Ken Howard was born in London. He studied at the Hornsey College of Art (1949–53) and the Royal College of Art (1955–58). In 1958 he won a British Council Scholarship to Florence. He spent his National Service in the Royal Marines (1953–55). In 1973 and 1978 he was the Official War Artist to Northern Ireland, and 1973–80 worked in various locations, including Hong Kong, Cyprus and Canada with the British Army. In 1983 he was elected an Associate of the Royal Academy (ARA).
In 1984 he became a member of the Royal Academy, and in 1988 President of the New English Art Club. In 1991 he was elected a Royal Academician (RA).
He paints in a “traditional” manner, based on strong observation and a high degree of draughtsmanship combined with tonal precision.

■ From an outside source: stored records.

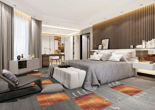 △臥室中鋪貼芬芳石墨烯電暖+芬芳負離子瓷磚,暖而不燥,皮膚得到深層修復和滋潤,一覺醒來,身心都美美的!
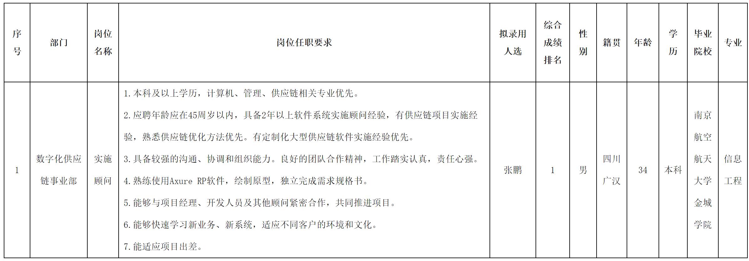 根據(jù)四川虹信軟件股份有限公司發(fā)布的招聘公告及招聘相關(guān)規(guī)定,經(jīng)測(cè)試、考察、體檢等程序,擬錄用張鵬同志到四川虹信軟件股份有限公司工作,現(xiàn)予以公示,具體情況如下:
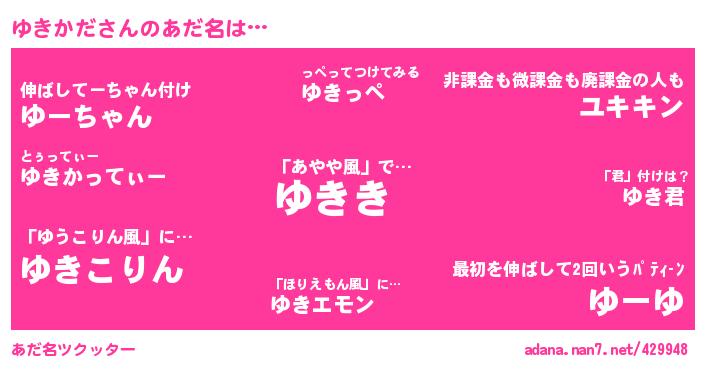 | ポケモン風あだ名 | 『ヒユキカダ』『ユキゴンZ』『ユックウザ』『ゼニユキ』 |
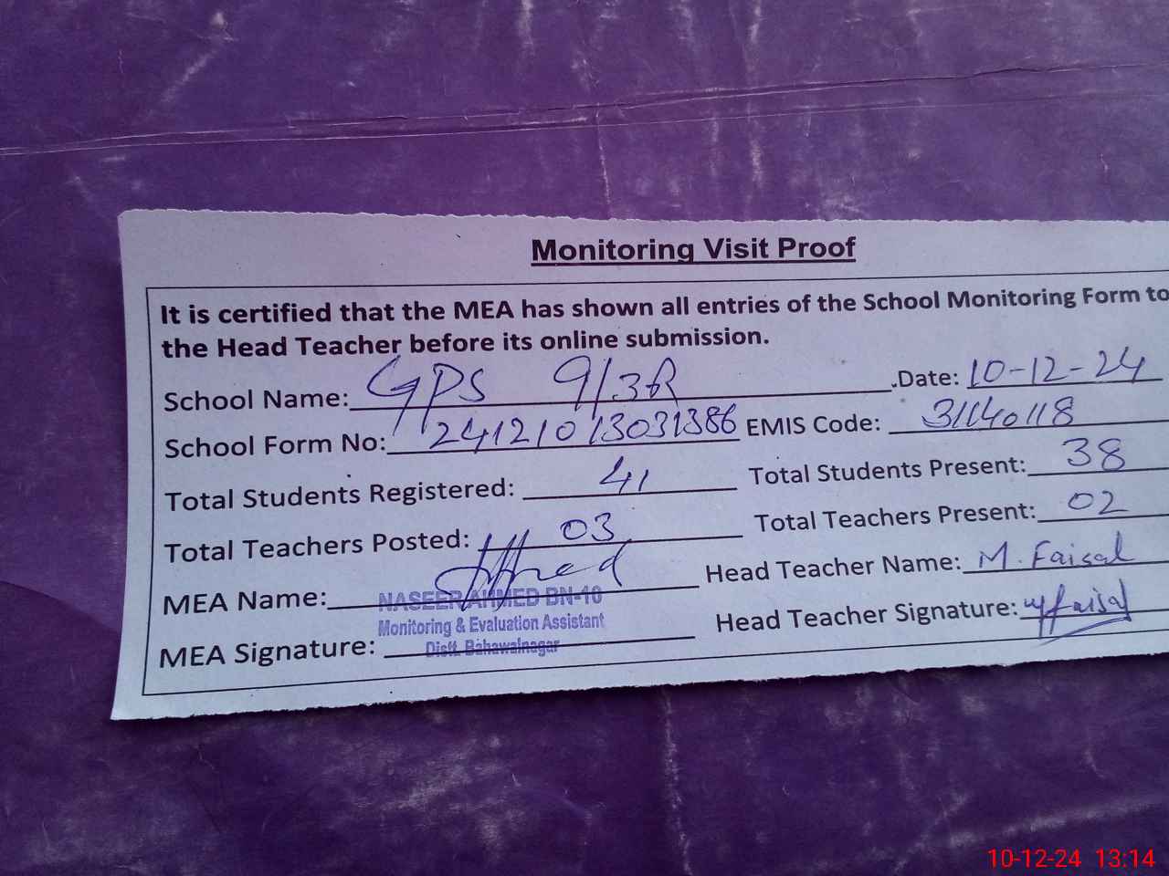 | Attendance Register | Head Teacher | MEA with School | Visit Proof |
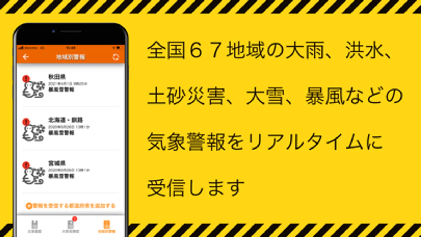 ・地震のみならず、地域ごとに発表されている大雨、洪水、土砂災害、大雪、暴風などの気象警報をリアルタイムに受信できます。
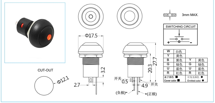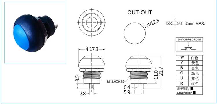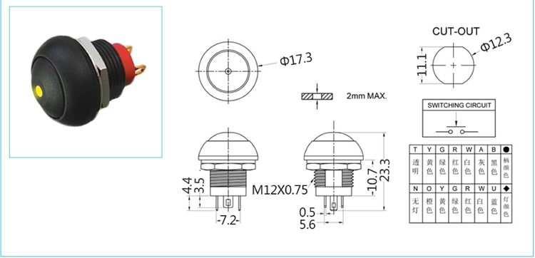 SPECIFICATIONS Panel Thickness: Ø12.30mm Contact Rating: 0.2A 250VAC 0.5A 12VDC Mechanical Life: Momentary 200,000 cycles Self-lock 100,000 cycles Electrical Life: 50,000 cycles make-and-break cycles. Torque: 3~8Nm Travel: About 3.0mm

The depiction of light is a strong and recurrent element of his work. A notable theme is the nude model in his studio. Another theme is a city scene, such as Venice, with emphasis placed on the reflection of light from puddles after rain. He has said:
“ I was brought up in London surrounded by railway yards and factories. This has very much influenced the use of horizontal and vertical structures and lines in my work. I am not a landscape painter, but rather a vertical horizontal and linear painter, which is why I have a passion for the lines that occur within my studios, and include them in my paintings. When I study a model, I think of that figure not in rhythmical terms, but in vertical or horizontal positions and planes.
Ken Howard paintings are in numerous private and public collections including the National Army Museum, Guildhall Art Gallery, Ulster Museum and Imperial War Museum.